Prolog systems usually provide libraries of pre-written predicates for various tasks (e.g., string manipulation, I/O operations, arithmetic). You can use these libraries to avoid re-implementing common functions. How to import and use libraries depends on your specific Prolog system (e.g., SWI-Prolog’s use_module directive). Consult your Prolog system’s documentation for details on available libraries and their usage. For example, in SWI-Prolog you might use use_module(library(lists)). to load the lists library which provides additional predicates for list manipulation. Leveraging pre-built libraries can significantly speed up development and improve code quality.

Example Projects #

Family Tree #

This project demonstrates representing family relationships using Prolog facts and rules. We’ll define facts to represent parentage, and rules to deduce other relationships like siblings and ancestry.

Facts:

parent(john, mary).
parent(john, peter).
parent(jane, mary).
parent(jane, peter).
parent(mary, anna).
parent(peter, bob).
male(john).
male(peter).
male(bob).
female(jane).
female(mary).
female(anna).

Rules:

father(X, Y) :- parent(X, Y), male(X).
mother(X, Y) :- parent(X, Y), female(X).
sibling(X, Y) :- parent(P, X), parent(P, Y), X \= Y. % \= means "not equal to"
ancestor(X, Y) :- parent(X, Y).
ancestor(X, Y) :- parent(X, Z), ancestor(Z, Y).

Queries:

?- father(john, X). %Find children of John
?- sibling(mary, peter). %Are Mary and Peter siblings?
?- ancestor(john, anna). %Is John an ancestor of Anna?

This example illustrates how to represent complex relationships using facts and rules, allowing for flexible querying and inference.

Simple Database #

This project shows how to represent a simple database in Prolog.
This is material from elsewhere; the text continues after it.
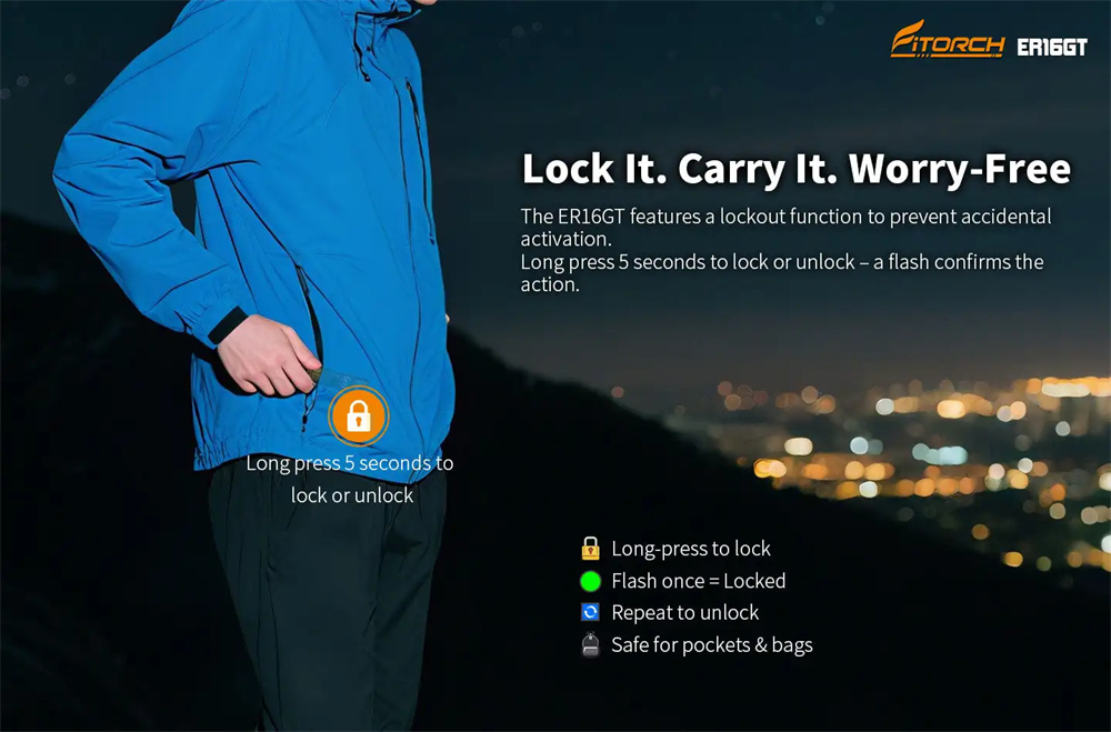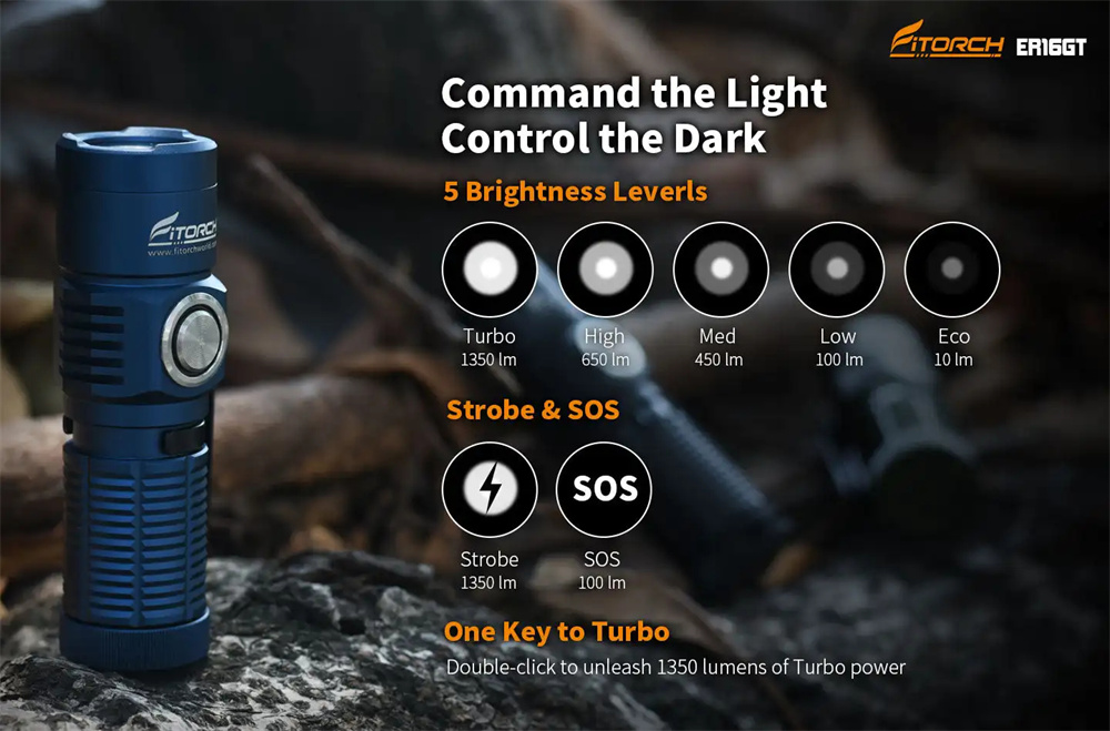 * 5 regular modes (Turbo–High–Mid–Low–Eco) and Strobe & SOS

We’ll create a database of books with their titles, authors, and publication years.

Facts:

book( 'The Lord of the Rings', 'J.R.R. Tolkien', 1954).
book( 'Pride and Prejudice', 'Jane Austen', 1813).
book( '1984', 'George Orwell', 1949).

Rules:

author_of(Author, Title) :- book(Title, Author, _). %The underscore (_) ignores the year.
published_in(Title, Year) :- book(Title, _, Year).

Queries:

?- author_of('Jane Austen', Title).  %Find books by Jane Austen
?- published_in(Title, 1949).      %Find books published in 1949
?- book(Title, Author, Year).   % List all books with details

This example showcases using Prolog to query and manipulate data, akin to a relational database.

Pathfinding #

This project demonstrates a simple pathfinding algorithm using Prolog. We’ll represent a graph as facts, and use recursive rules to find a path between two nodes.

Facts (Graph representation):

connected(a, b).
connected(a, c).
connected(b, d).
connected(c, e).
connected(d, f).
connected(e, f).

Rules (Pathfinding):

path(Start, End, Path) :-
    path(Start, End, [Start], Path).

path(Node, End, Visited, [End|Visited]) :-
    connected(Node, End).

path(Node, End, Visited, Path) :-
    connected(Node, Next),
    \+ member(Next, Visited),  %Check if Next is not already visited
    path(Next, End, [Next|Visited], Path).

Query:

?- path(a, f, Path). %Find a path from node 'a' to node 'f'

This will return one possible path. To find all possible paths, you would need to modify the code to handle backtracking more carefully. This example illustrates how Prolog’s declarative nature and backtracking can be used to solve problems involving search and exploration. Remember to consult your Prolog system’s documentation for specifics on handling backtracking for this kind of problem. The \+ operator means “not.” The member predicate checks for list membership.